__ABOUT THIS TASK__
Return, word for word, the lines of the listing below from the one with "- 单品选了黑蓝拼接牛仔连衣" through the one with "MCU 8-bit PIC", and no other lines.

(Beginning of GIVEN DATA)

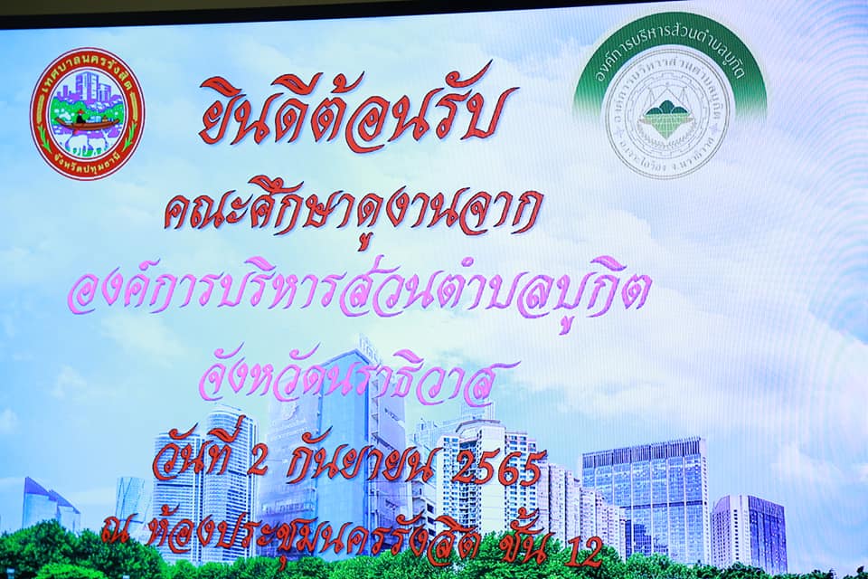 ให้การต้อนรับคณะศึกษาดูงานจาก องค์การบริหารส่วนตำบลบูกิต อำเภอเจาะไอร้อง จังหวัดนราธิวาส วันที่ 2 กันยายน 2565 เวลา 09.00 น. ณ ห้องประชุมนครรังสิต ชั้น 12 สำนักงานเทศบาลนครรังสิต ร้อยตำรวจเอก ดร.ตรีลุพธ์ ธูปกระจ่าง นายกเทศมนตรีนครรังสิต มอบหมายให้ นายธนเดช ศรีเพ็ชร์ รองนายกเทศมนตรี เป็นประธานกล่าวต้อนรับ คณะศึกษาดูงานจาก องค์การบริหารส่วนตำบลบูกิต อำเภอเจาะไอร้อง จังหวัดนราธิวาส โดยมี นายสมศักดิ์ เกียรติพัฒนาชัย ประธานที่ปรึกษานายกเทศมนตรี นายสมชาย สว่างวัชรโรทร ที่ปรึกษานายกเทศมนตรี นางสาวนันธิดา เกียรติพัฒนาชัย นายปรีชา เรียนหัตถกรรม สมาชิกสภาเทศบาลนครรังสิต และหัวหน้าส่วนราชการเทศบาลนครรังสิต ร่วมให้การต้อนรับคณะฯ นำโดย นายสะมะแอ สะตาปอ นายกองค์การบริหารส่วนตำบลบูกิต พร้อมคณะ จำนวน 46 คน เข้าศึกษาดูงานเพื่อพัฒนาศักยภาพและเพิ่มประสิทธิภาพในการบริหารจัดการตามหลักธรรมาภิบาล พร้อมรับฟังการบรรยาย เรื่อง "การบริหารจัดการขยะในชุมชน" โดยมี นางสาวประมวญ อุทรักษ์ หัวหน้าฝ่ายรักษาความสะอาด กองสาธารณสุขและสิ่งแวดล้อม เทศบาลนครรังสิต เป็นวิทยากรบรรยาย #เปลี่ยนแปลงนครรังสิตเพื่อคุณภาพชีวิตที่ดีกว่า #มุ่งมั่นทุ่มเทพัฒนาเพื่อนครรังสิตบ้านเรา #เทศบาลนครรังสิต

(End of GIVEN DATA)
(Beginning of GIVEN DATA)

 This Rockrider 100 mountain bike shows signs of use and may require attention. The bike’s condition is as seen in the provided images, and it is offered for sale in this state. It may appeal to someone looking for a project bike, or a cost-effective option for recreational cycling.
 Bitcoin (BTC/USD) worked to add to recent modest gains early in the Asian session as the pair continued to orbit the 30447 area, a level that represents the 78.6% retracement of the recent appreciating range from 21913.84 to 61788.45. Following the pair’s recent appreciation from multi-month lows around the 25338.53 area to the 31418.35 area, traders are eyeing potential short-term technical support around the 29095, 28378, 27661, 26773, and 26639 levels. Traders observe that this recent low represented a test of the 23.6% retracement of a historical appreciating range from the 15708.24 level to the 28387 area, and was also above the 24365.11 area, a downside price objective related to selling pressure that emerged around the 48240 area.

(End of GIVEN DATA)
(Beginning of GIVEN DATA)

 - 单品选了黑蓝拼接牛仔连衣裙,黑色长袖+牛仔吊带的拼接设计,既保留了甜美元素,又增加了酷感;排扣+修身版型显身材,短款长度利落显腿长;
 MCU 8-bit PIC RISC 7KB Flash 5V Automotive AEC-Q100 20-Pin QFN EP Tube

(End of GIVEN DATA)

__REPLY__
 - 单品选了黑蓝拼接牛仔连衣裙,黑色长袖+牛仔吊带的拼接设计,既保留了甜美元素,又增加了酷感;排扣+修身版型显身材,短款长度利落显腿长;
 MCU 8-bit PIC RISC 7KB Flash 5V Automotive AEC-Q100 20-Pin QFN EP Tube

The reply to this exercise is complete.